Voici ce que le même épisode donne chez Wolfram :

Alors le noble Gauvain dit : « Noble demoiselle, je veux les deux choses, votre amour et vous soutenir. Je mets ma vie à votre service. »

Pendant cet échange sa petite main était entre ses mains à lui….

[…]

La fillette et sa camarade de jeux remercièrent beaucoup Gauvain, l’hôte de la maison, et prirent congé. Les deux fillettes s’en furent très heureuses. La petite fille du burgrave demanda : « Dites-moi, ma demoiselle, ce que nous pouvons lui offrir, car nous n’avons que nos poupées…. »
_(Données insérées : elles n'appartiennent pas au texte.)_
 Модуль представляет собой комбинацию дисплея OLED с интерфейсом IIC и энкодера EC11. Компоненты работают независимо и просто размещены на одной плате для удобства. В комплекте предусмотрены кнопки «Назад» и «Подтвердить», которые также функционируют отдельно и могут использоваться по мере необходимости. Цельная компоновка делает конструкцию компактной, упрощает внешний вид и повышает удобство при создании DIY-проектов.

Obilot va chercher conseil auprès de son père :

Celui-ci fit monter Obilot devant lui sur son cheval, mais elle dit : « Et où ira donc mon amie ? » Alors s’éleva une joyeuse querelle entre les chevaliers de la suite du prince pour savoir qui prendrait la petite fille sur son cheval…
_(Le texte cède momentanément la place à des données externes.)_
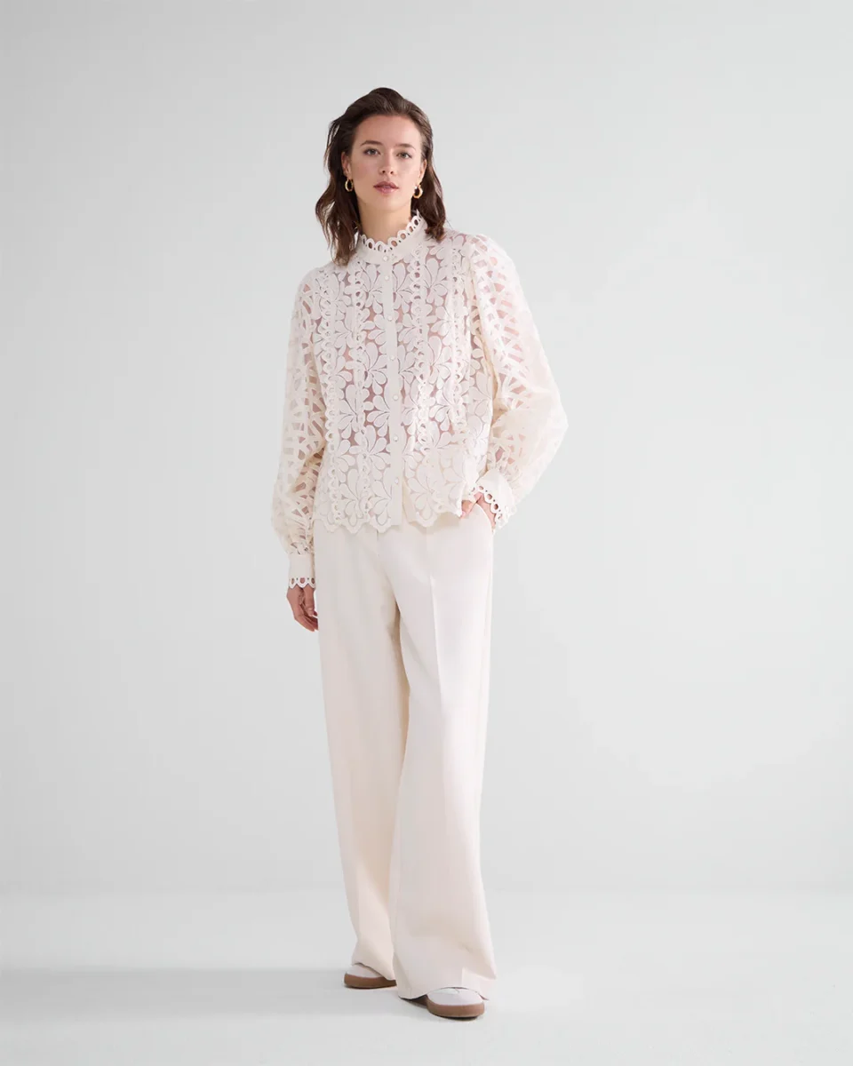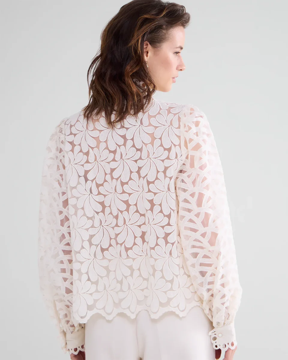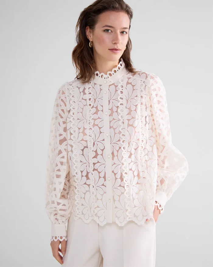 Translucent long blouse made of woven lace. The blouse has long balloon sleeves, a standing collar and is decorated with lace band with metal button closure.

Suit le combat. Les chevaliers qui ont bien combattu sont remerciés par un baiser de leurs dames :

Gauvain fut également remercié de cette façon, mais il dut soulever sa dame jusqu’à lui. Il pressa tendrement l’enfant contre sa poitrine comme une poupée.

Puis il doit partir :

Obilot s’écria en pleurant « Emmenez-moi avec vous. »  Mais il lui fallut refuser la demande de la jeune et douce fillette dont la mère fut amenée non sans peine à l’arracher à ses bras.

Nous retrouverons ailleurs cette manière enjouée de décrire un enfant.

 

Par ailleurs Wolfram ne se considère pas comme un poète, il revendique sa qualité de chevalier, comme tel il a combattu et ne se prive pas de faire appel à sa propre expérience en introduisant quelques détails réalistes. D’où un aspect qu’on pourrait parfois dire prosaïque et presque terre à terre. Quelques exemples :

Il avança avec six étendards devant lesquels le combat s’enflamma immédiatement. Les trompettes sonnaient comme le tonnerre le plus effroyable et le grondement de plusieurs tambours se mêlait à leur vacarme. Je n’y peux rien, si l’on piétina sans scrupules les chaumes. Les vignes autour d’Erfurt montrent aujourd’hui encore les traces de telles dévastations causées par les sabots des nombreux chevaux.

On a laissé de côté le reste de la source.